Synthetic Media at Scale: Building the Prompt Stack
When a client asks for a product campaign, the old workflow was: find a photographer, find a director, find a location, find talent, book everyone, shoot, edit. The new workflow: write a brief, run the prompt stack, deliver in 72 hours.
That's not always the right call. But it's increasingly often the right call for the right client.
Here's how we built the pipeline.
The Four-Tool Stack
Each tool does one thing well. We don't try to make one model do everything.
Midjourney handles stills. Brand imagery, product shots, key visuals. The model's spatial reasoning and understanding of brand aesthetics is still unmatched for static images. We use reference images when a client has established visual language.
Kling 1.6 handles video-from-image. We generate a strong Midjourney frame and animate it in Kling. This gives precise control over the first frame — critical for product work where consistency matters. Kling's physics simulation has improved enough that liquid, fabric, and particle effects now hold up at delivery quality.
Higgsfield Cinema handles narrative video. When we need something that feels shot rather than animated, Higgsfield is the right tool. Documentary feel, news-style footage, establishing shots.

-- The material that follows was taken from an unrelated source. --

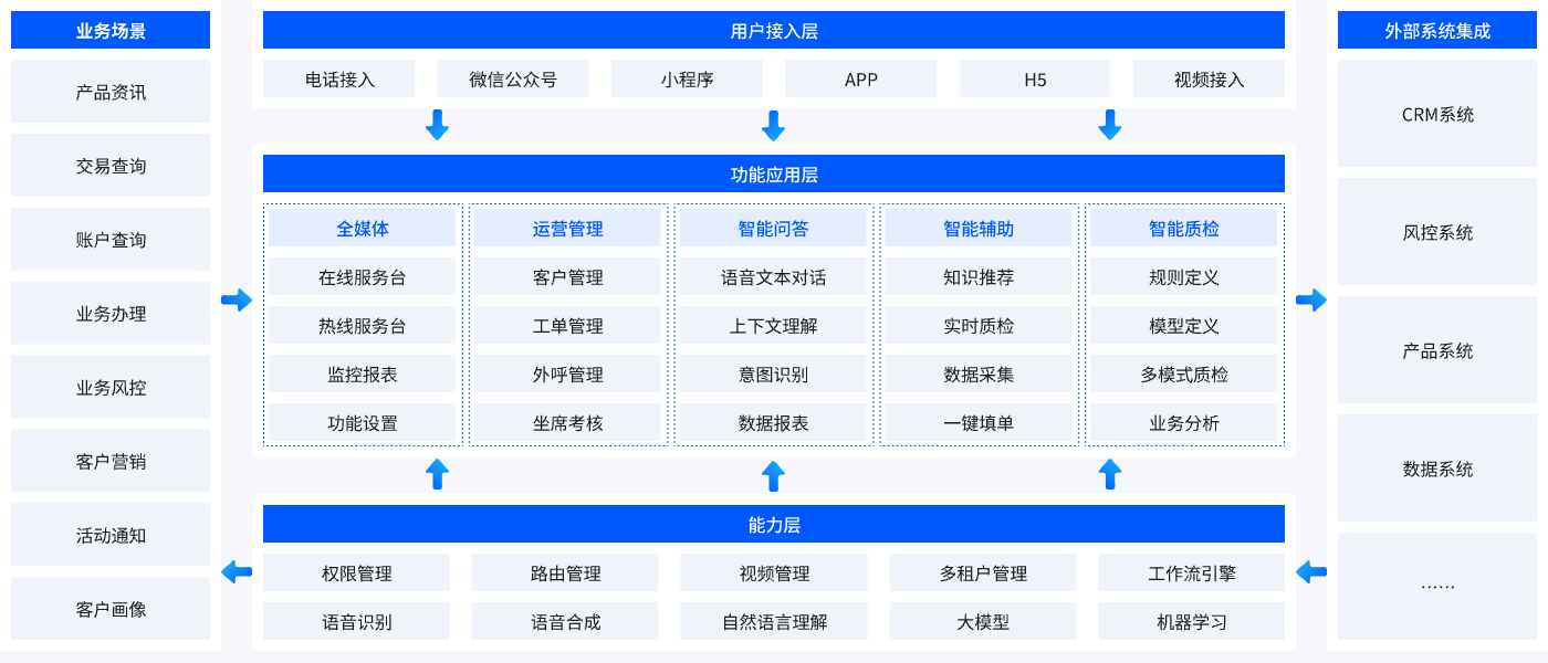 依托AI技術構建智能服務平臺,融合全媒體通信,實現高效運營、精準風控與優(yōu)質客戶服務。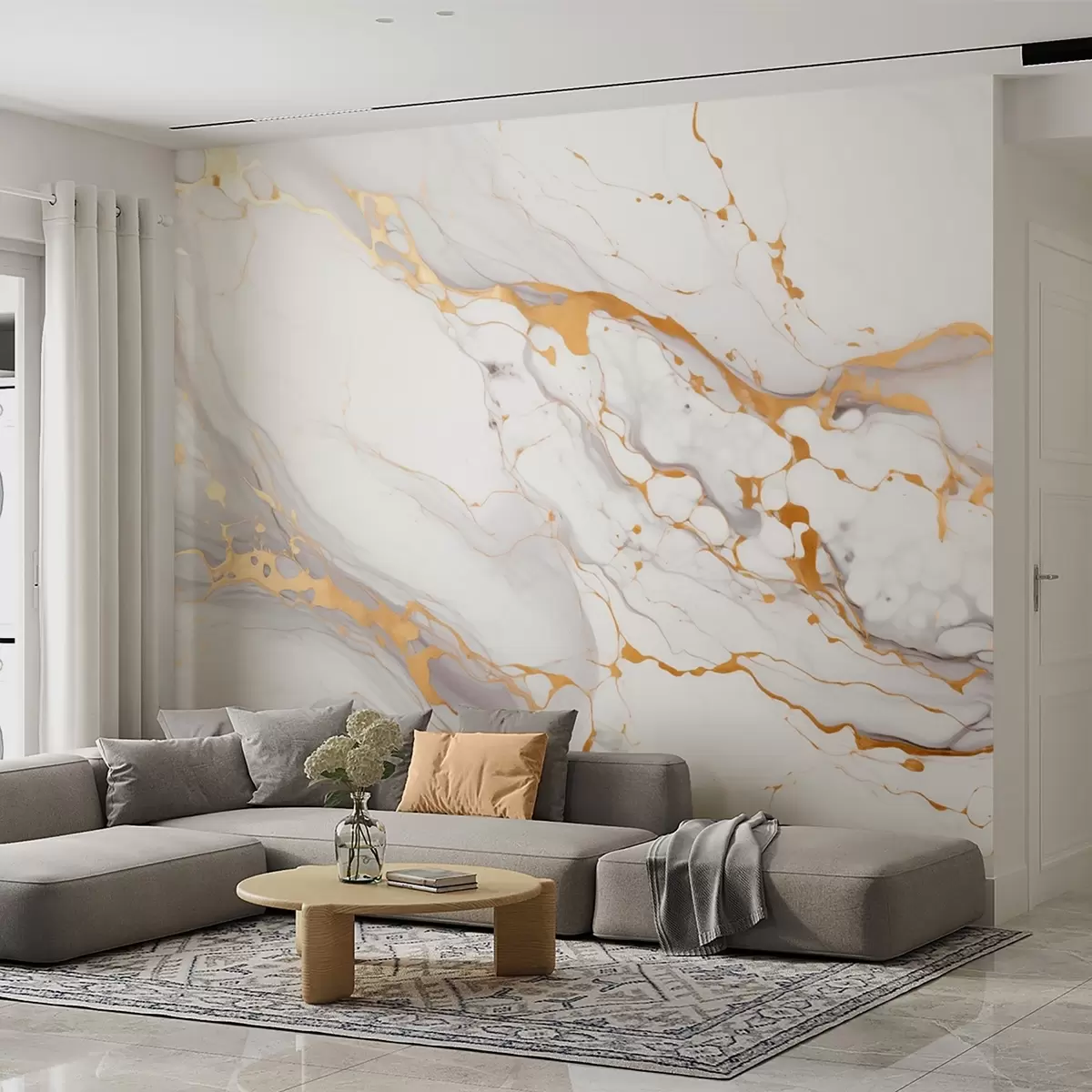 Carta da parati Imitazione della texture del marmo con passaggi di grigio tenue e accenti di giallo nr. w09362

ElevenLabs handles audio. We're not scoring original music on every brief. For corporate and social content, ElevenLabs generates VO that matches the visual tone, mixed with licensed music beds.
The Prompt Stack Document
We maintain a living document of prompts that have delivered at client level. Not abstract descriptions — specific, versioned, annotated prompts that work.
Structure for each saved prompt:
Tool: Midjourney v6.1
Prompt: Industrial port at golden hour, shipping containers stacked,
crane in background, moody sky, editorial photography style,
wide angle, sharp foreground --ar 16:9 --style raw
Reference: /refs/port-series-01.jpg
Rating: 4/5
Used for: MendisOne Shipping Campaign Q1 2026
Date: 2026-02-14
After six months, we have 340 prompts in the stack. When a new brief comes in, we search by category before writing anything new. Most briefs have a match or near-match at 80%+ quality.
QA Before Delivery
AI-generated content fails in specific ways. Our checklist before client review:
- Temporal consistency: does the footage drift mid-clip? Common in Kling on durations over 4 seconds
- Edge artifacts: soft halos around subjects in composited shots
- Text in frame: any generated text reads correctly — models still hallucinate text
- Colour accuracy: Midjourney's colour interpretation vs. client brand guide
- Audio sync: ElevenLabs VO timing against video cuts
We reject roughly 20% of generations at QA and regenerate. That cost is baked into project estimates.
What the Client Sees
We don't explain the pipeline in proposals. Clients brief us on the outcome. If the outcome delivers — and it does — the method is our business.
We've had clients ask to license images we generated because they wanted them for print. That's the right result.